%%

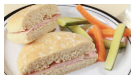
Deli Choice of Breads with a Selection of Fillings served with a Side Salad
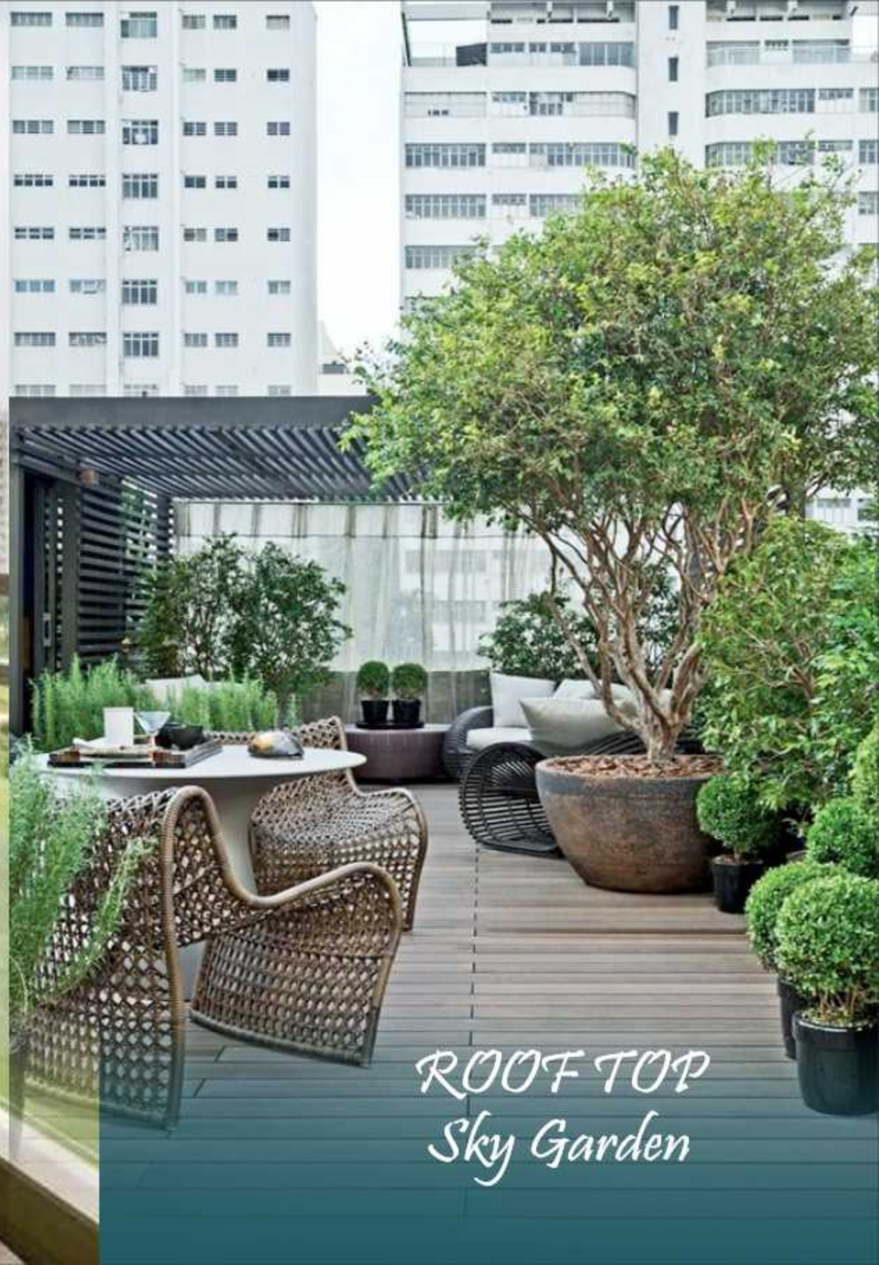
ROOF TOP Sky Garden
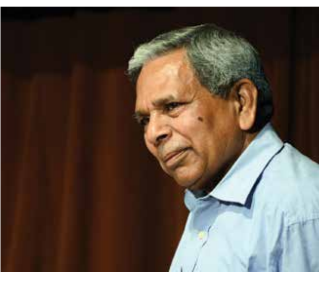
Come forward, together let us complete this spiritual journey ...
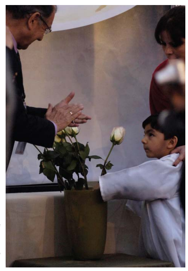
Marking the one year anniversary of the devastating Pisco earthquakes in Peru, local children lit 21 candles to commemorate the victims of disaster in all APEC economies
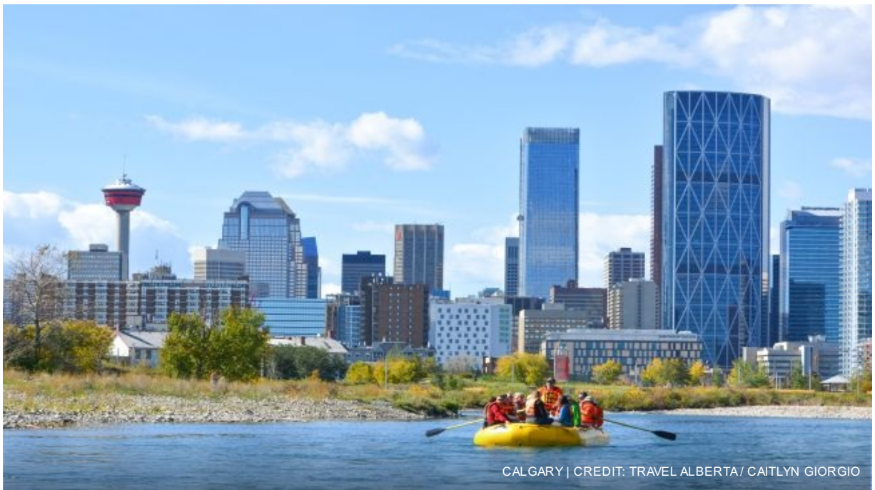
CALGARY
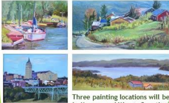
Three painting locations will be in Monroe and Wayne Counties.

Take advantage of the early registration workshop fee!
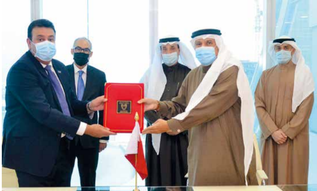
A group photo session after signing the deal extension

“This also calls for the need to devise more training programmes that could attract Bah-
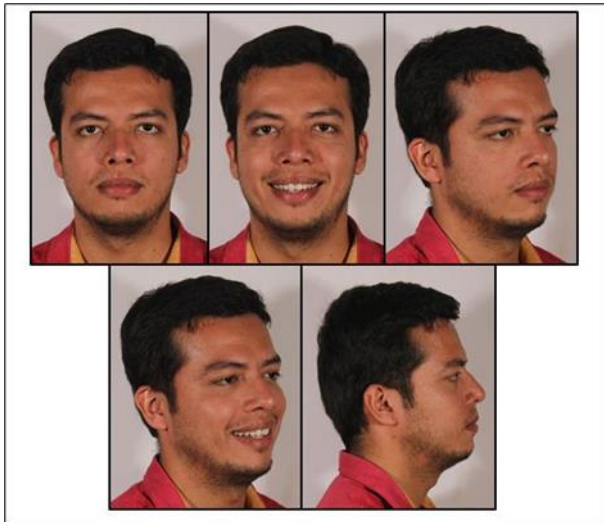
Fig. 6. Five year follow-up images. a. Extra-oral images.
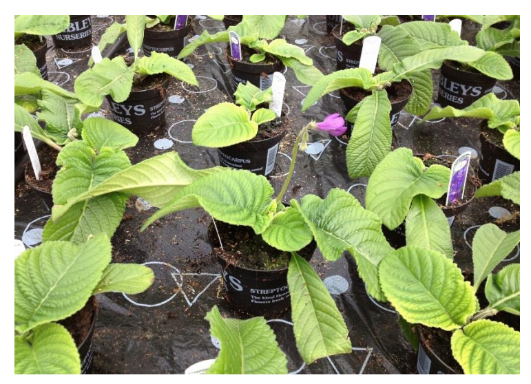
Streptocarpus - overall yellowing of the plants with advanced symptomology of low substrate electrical conductivity.
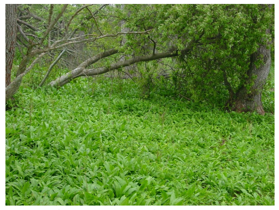
Fig. 4. A dense stand of Allium ursinum on the northern shore of Brunnskär in Kökar, Karlby. The trees are Alnus glutinosa, Fraxinus excelsior and Prunus padus . May 28, 2007.

The name Bergskär is probably mistaken for Brunnskär, because several collectors from Turku were in Brunnskär that day. There are two islands with the name of Bergskär in Kökar, one in Hellsö, which seems to be too barren for A. ursinum and the other in Österbygge. The UCS coordinates with one km accuracy were later added by somebody in the herbarium TUR. These coordinates suite for Tärnskär and Bässkär, two very barren rocky islands without any lush wood located about 3.5 km NNW of Idö.
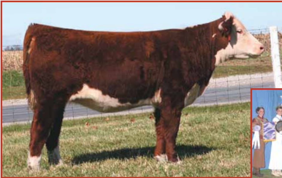
Lot 10--AA DP Ms Raftsman 136
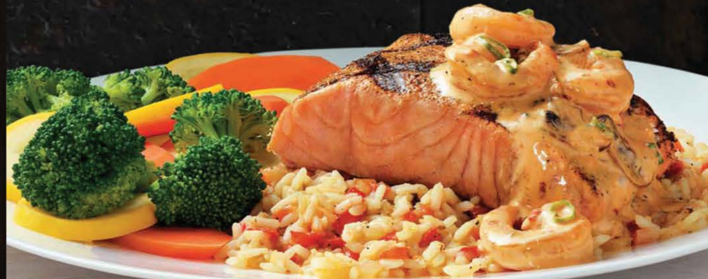
PRAWN TOPPED SALMON

Our perfectly grilled salmon topped with sautéed prawns and button mushrooms tossed in a tomato cream sauce. 39.95
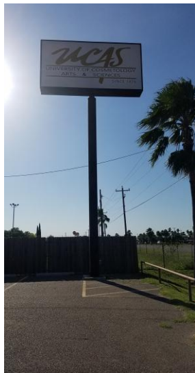
La Joya Campus
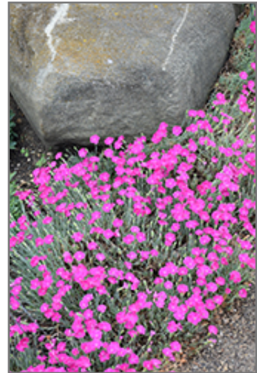
Firewitch Pinks in bloom

Firewitch Pinks is a fine choice for the garden, but it is also a good selection for planting in outdoor pots and containers. It is often used as a 'filler' in the 'spiller-thriller-filler' container combination, providing a mass of flowers and foliage against which the thriller plants stand out. Note that when growing plants in outdoor containers and baskets, they may require more frequent waterings than they would in the yard or garden.
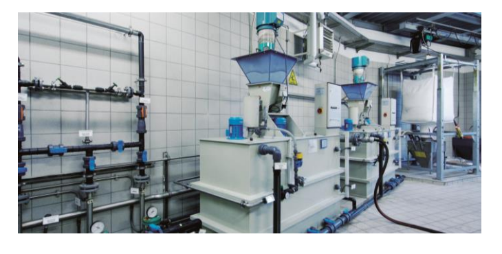
Type of project:

Expansion of the sludge dewatering line. Electromeccanical and hydraulical works on the sludge dewatering line with installation of a high pressure belt filter press.
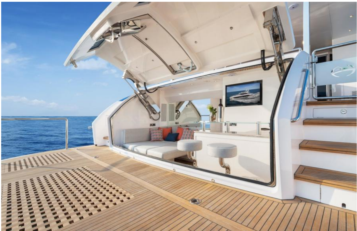
Sister ship Beach club with bar and TV.
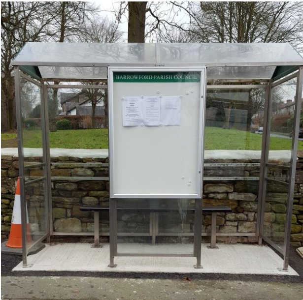
Replacement Shelter Installed

Pendle Borough Council resolved in 2016 to discontinue both new provision of bus shelters and maintenance of existing ones throughout Pendle.
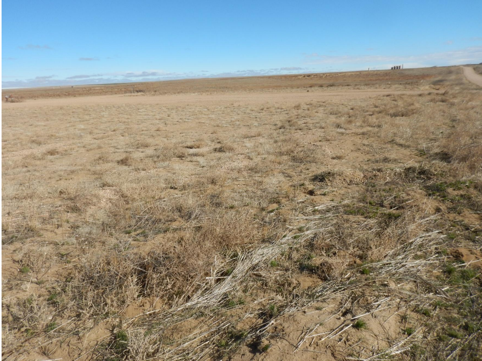
Photo 11: Photo taken from southwest side of location, facing east.
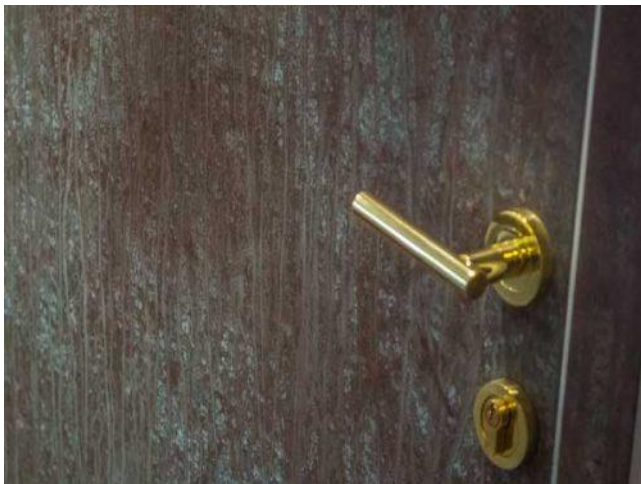
Copper Patina Door -
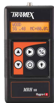
Product code: MRHIII
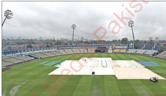
Groundstaff work on a rain soaked pitch at Edgbaston in Birmingham on Tuesday, the eve of the ICC World Cup match between Pakistan and New Zealand.

But with only West Indies scoring more than 250 against New Zealand, and fast bowlers Lockie Ferguson and Trent Boult combining to take 22 wickets, Santner feels it has been an all-round effort with each member
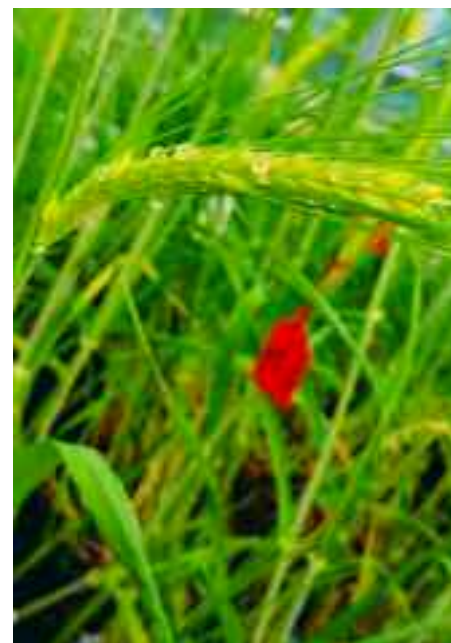
It's possible that alkaloids contained in honeydew may be responsible for contaminating adjacent healthy grains.

“The industry is in a similar position to when the DON and ZON mycotoxins first hit the headlines in 2006. The AHDB monitoring helps create a national picture and enables us to prepare for any future legislation,” he concludes. ■
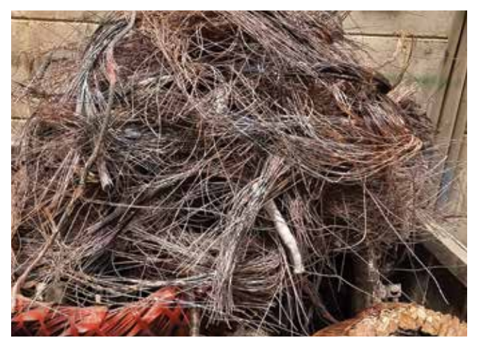
Typical copper scrap after motor burn out at EECO

Once the decision is made to repair a motor, its core is tested to validate that the magnetic properties of the core will support a copper rewind before it can proceed to the next step, which is the motor burnout in a temperature-calibrated oven in order to prevent any damage to the iron core. Following the burnout and the subsequent removal of the old insulation and copper, the core is reinsulated, rewound with new copper and vacuum impregnated with resin to protect it from chemical and moisture contamination.
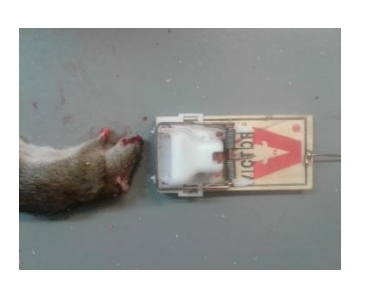
305.8 g male
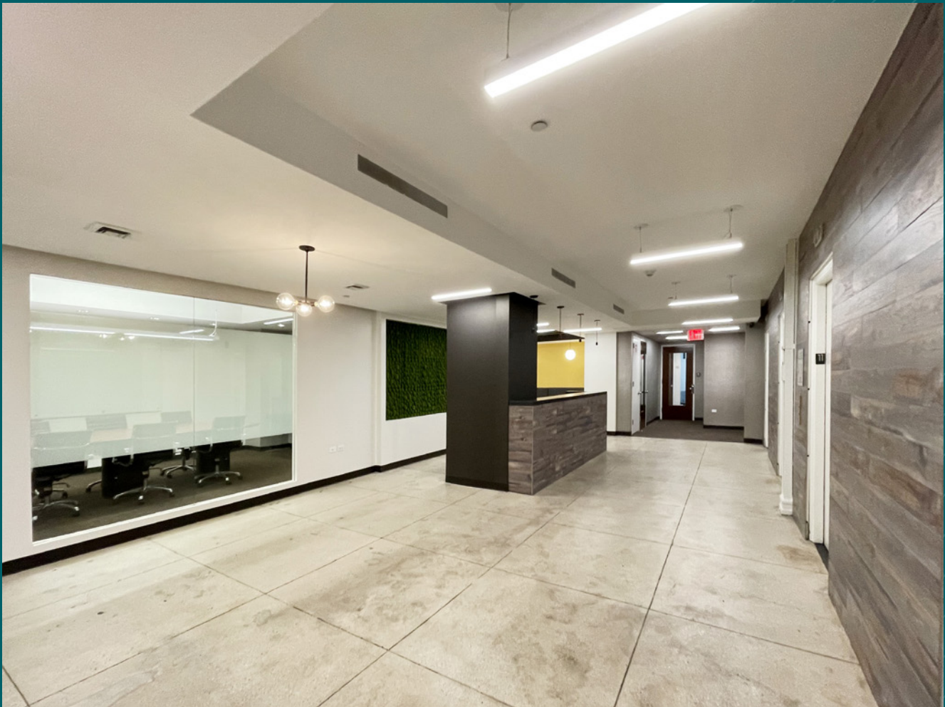
Entire 11th Floor - Existing Conditions
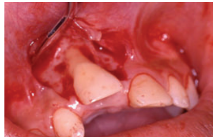
Fig. 4. Full thickness mucoperiosteal flap elevation exposing the ankylosed tooth.

The surgical procedure was performed after obtaining parental consent. The patient was given antibiotic prophylaxis (600 mg clindamycin, Dalacin C; Upjohn, Puurs, Belgium) 1 h prior to treatment. Following administration of local anesthesia, an intrasulcular incision around the treated tooth with mesial and distal sub-marginal releasing incisions was performed to avoid the interproximal papillae. A full-thickness buccal mucoperiosteal flap was elevated exposing the tooth and the labial cortical plate (Fig. 4). The palatal tissue was left intact. The crown was decoronated and the root canal filling removed. The root canal was then alternately instrumented and rinsed with saline until bleeding from the surrounding tissues filled the empty root canal (Fig. 5). This step is critical, as the blood clot will decrease the risk of infection and allow the ingress of osteoclasts and osteoblasts, thus
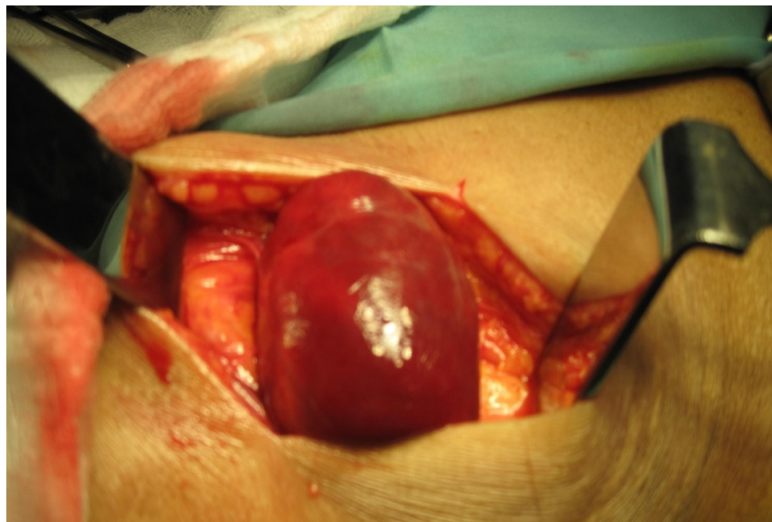
Figure 5: Intraoperative photograph showing defect and protruding hernia sac.
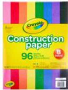
1 pack of 100 sheets of Construction Paper
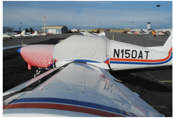
Kolibier 150A Canopy Cover, Insulated Engine Cover
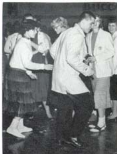
They've got the beat

%%

TASK TO COMPLETE.
The lines needed are those in the data above that hold the string "year"; copy each of them.

ANSWER SECTION.
Marking the one year anniversary of the devastating Pisco earthquakes in Peru, local children lit 21 candles to commemorate the victims of disaster in all APEC economies
Fig. 6. Five year follow-up images. a. Extra-oral images.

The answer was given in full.